> DATA
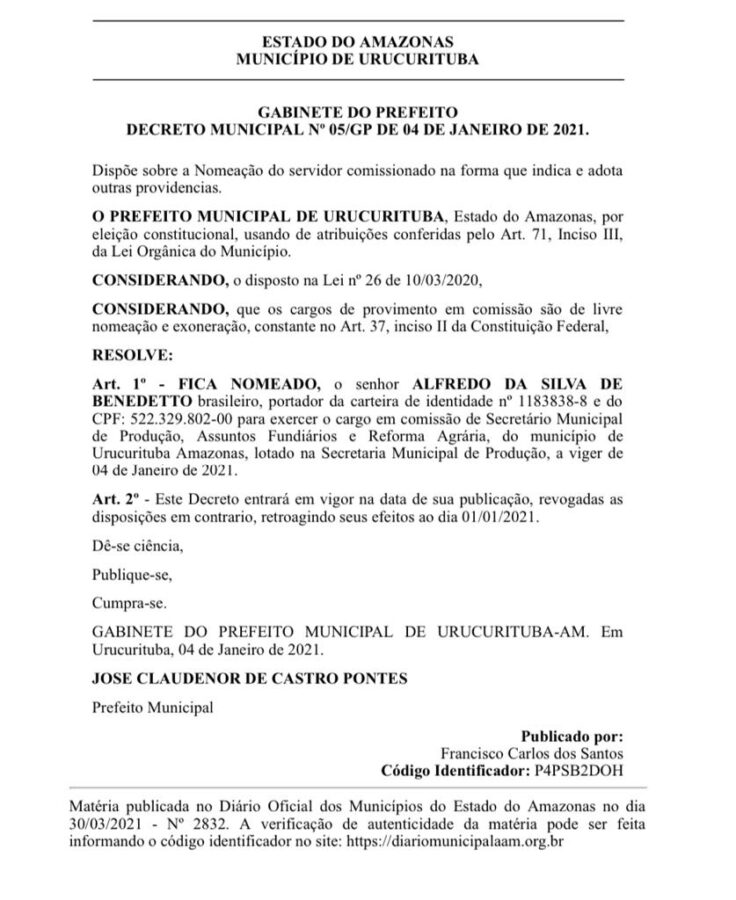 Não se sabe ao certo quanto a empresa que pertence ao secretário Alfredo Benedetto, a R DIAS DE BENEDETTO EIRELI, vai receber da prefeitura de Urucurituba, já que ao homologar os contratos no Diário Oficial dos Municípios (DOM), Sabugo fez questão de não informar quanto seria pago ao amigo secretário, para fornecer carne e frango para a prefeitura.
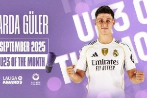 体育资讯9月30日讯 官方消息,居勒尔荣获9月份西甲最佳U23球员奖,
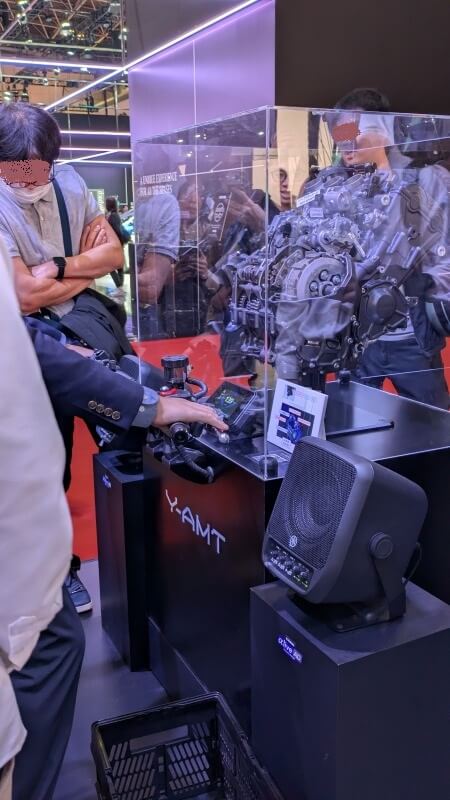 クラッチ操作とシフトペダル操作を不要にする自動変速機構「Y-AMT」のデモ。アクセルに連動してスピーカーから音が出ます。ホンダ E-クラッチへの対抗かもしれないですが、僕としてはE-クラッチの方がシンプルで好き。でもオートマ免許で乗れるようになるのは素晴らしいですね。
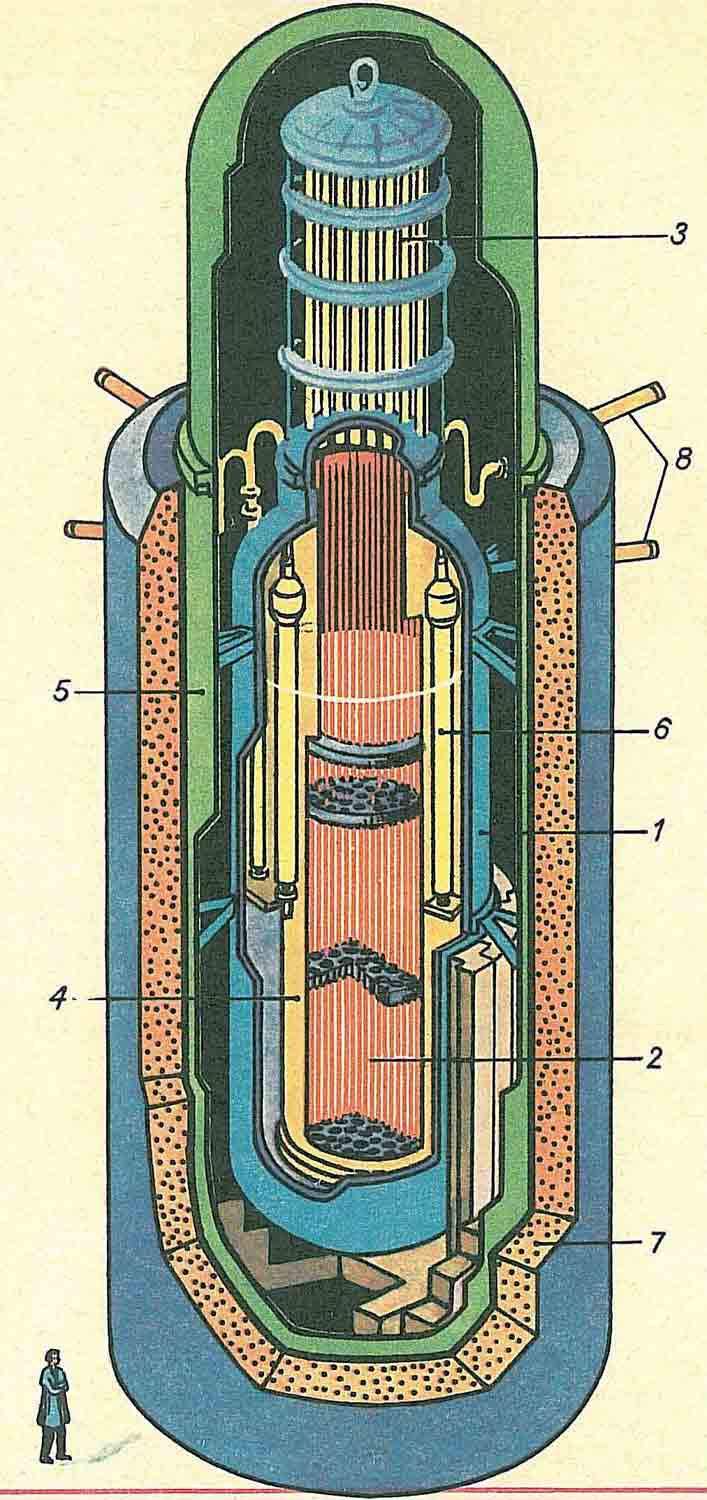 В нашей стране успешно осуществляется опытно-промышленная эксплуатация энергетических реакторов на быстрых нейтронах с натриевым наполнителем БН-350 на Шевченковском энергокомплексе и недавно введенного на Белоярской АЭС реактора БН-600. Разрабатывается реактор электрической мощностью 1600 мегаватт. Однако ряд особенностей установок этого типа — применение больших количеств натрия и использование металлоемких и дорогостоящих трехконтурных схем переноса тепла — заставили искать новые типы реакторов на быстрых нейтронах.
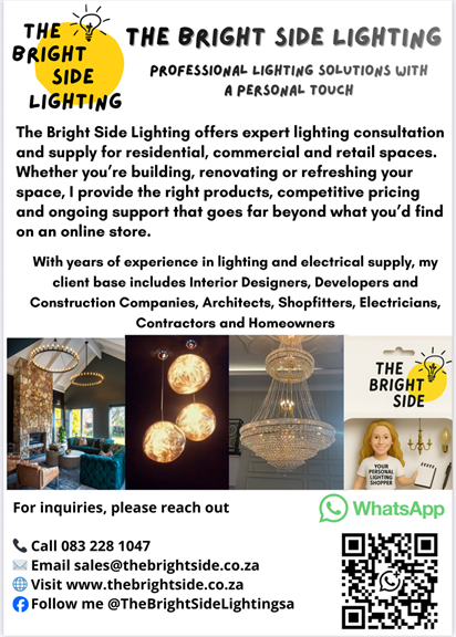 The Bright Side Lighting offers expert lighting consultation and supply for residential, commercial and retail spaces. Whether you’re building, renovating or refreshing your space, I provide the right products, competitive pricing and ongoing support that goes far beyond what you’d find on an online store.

--

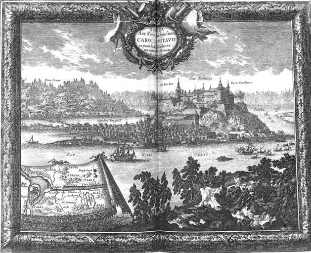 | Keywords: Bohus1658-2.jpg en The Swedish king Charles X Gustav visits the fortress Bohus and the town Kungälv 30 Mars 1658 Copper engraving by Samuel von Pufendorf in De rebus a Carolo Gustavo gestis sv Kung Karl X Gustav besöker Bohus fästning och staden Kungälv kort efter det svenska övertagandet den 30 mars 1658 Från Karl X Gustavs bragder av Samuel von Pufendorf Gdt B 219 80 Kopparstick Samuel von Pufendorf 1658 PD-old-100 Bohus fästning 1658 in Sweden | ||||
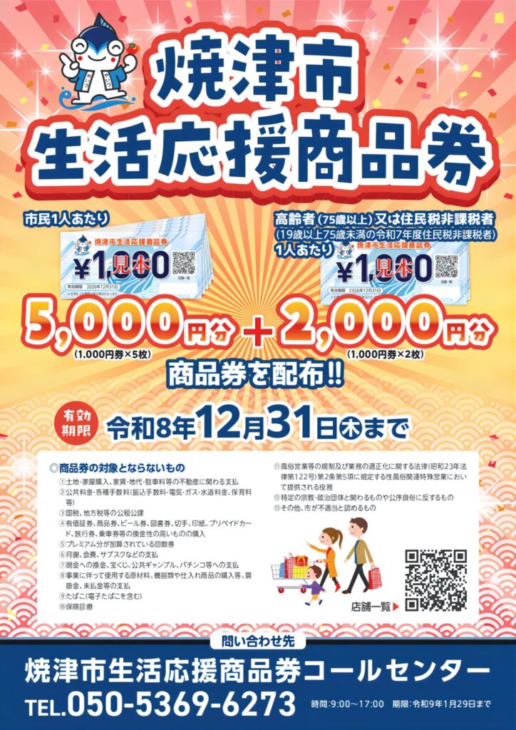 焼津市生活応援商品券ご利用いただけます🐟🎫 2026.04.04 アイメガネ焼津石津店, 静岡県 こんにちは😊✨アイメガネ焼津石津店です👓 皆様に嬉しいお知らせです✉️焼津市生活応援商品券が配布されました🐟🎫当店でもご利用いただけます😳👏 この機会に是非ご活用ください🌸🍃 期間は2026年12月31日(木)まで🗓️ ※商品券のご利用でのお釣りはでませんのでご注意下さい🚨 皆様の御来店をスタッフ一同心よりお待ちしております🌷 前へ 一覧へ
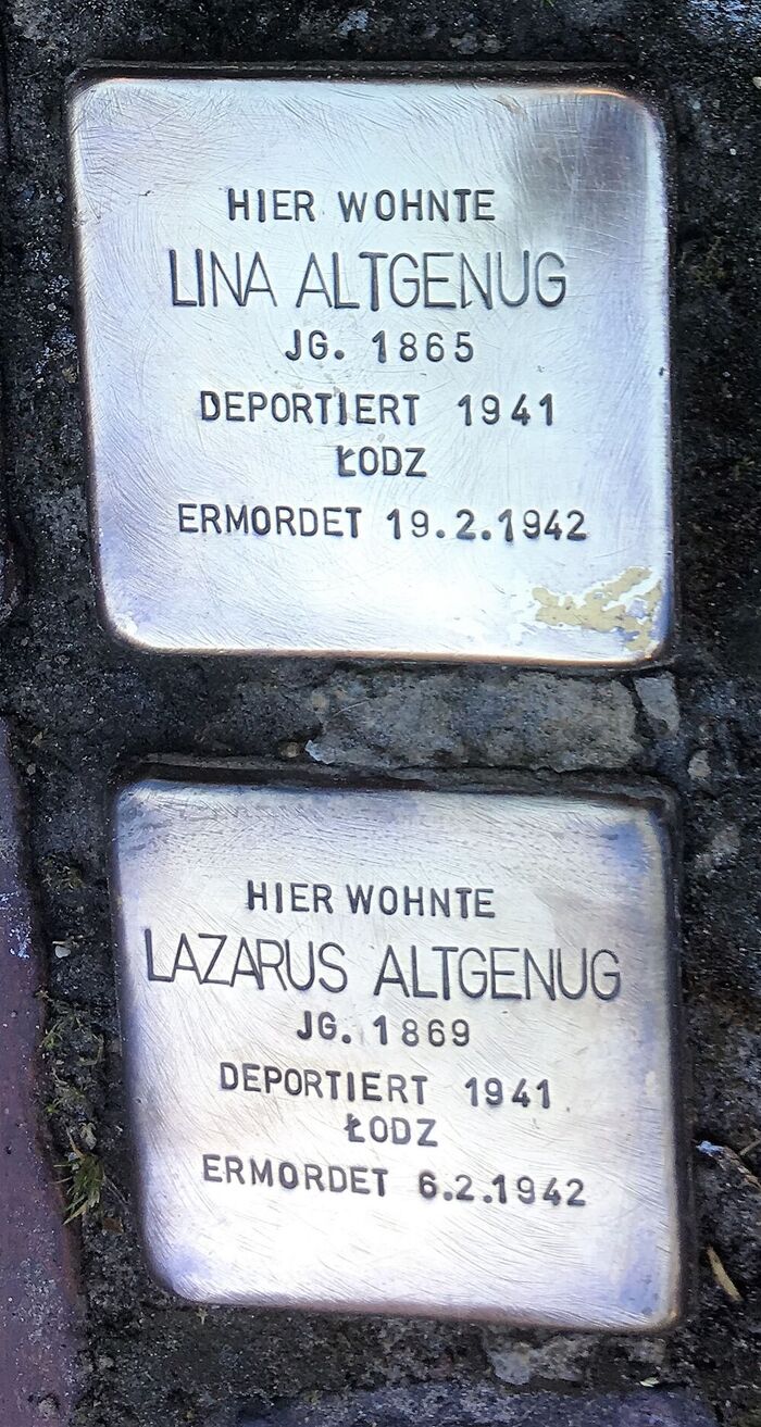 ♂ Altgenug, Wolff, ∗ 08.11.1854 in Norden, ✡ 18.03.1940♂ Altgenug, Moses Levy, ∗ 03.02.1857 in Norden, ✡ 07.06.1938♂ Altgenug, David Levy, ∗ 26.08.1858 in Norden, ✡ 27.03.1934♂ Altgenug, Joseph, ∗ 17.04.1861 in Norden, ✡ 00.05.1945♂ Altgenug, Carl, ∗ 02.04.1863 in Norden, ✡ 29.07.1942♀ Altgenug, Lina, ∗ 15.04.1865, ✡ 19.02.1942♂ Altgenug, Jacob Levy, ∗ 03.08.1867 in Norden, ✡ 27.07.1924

> AIM OF THE TASK
Repeat exactly the lines above, from the line that contains "Não se sabe" down through the line that contains "The Bright Side". Include both of those lines and none of the pictures.

> ANSWER TO THIS PROBLEM
 Não se sabe ao certo quanto a empresa que pertence ao secretário Alfredo Benedetto, a R DIAS DE BENEDETTO EIRELI, vai receber da prefeitura de Urucurituba, já que ao homologar os contratos no Diário Oficial dos Municípios (DOM), Sabugo fez questão de não informar quanto seria pago ao amigo secretário, para fornecer carne e frango para a prefeitura.
 体育资讯9月30日讯 官方消息,居勒尔荣获9月份西甲最佳U23球员奖,
 クラッチ操作とシフトペダル操作を不要にする自動変速機構「Y-AMT」のデモ。アクセルに連動してスピーカーから音が出ます。ホンダ E-クラッチへの対抗かもしれないですが、僕としてはE-クラッチの方がシンプルで好き。でもオートマ免許で乗れるようになるのは素晴らしいですね。
 В нашей стране успешно осуществляется опытно-промышленная эксплуатация энергетических реакторов на быстрых нейтронах с натриевым наполнителем БН-350 на Шевченковском энергокомплексе и недавно введенного на Белоярской АЭС реактора БН-600. Разрабатывается реактор электрической мощностью 1600 мегаватт. Однако ряд особенностей установок этого типа — применение больших количеств натрия и использование металлоемких и дорогостоящих трехконтурных схем переноса тепла — заставили искать новые типы реакторов на быстрых нейтронах.
 The Bright Side Lighting offers expert lighting consultation and supply for residential, commercial and retail spaces. Whether you’re building, renovating or refreshing your space, I provide the right products, competitive pricing and ongoing support that goes far beyond what you’d find on an online store.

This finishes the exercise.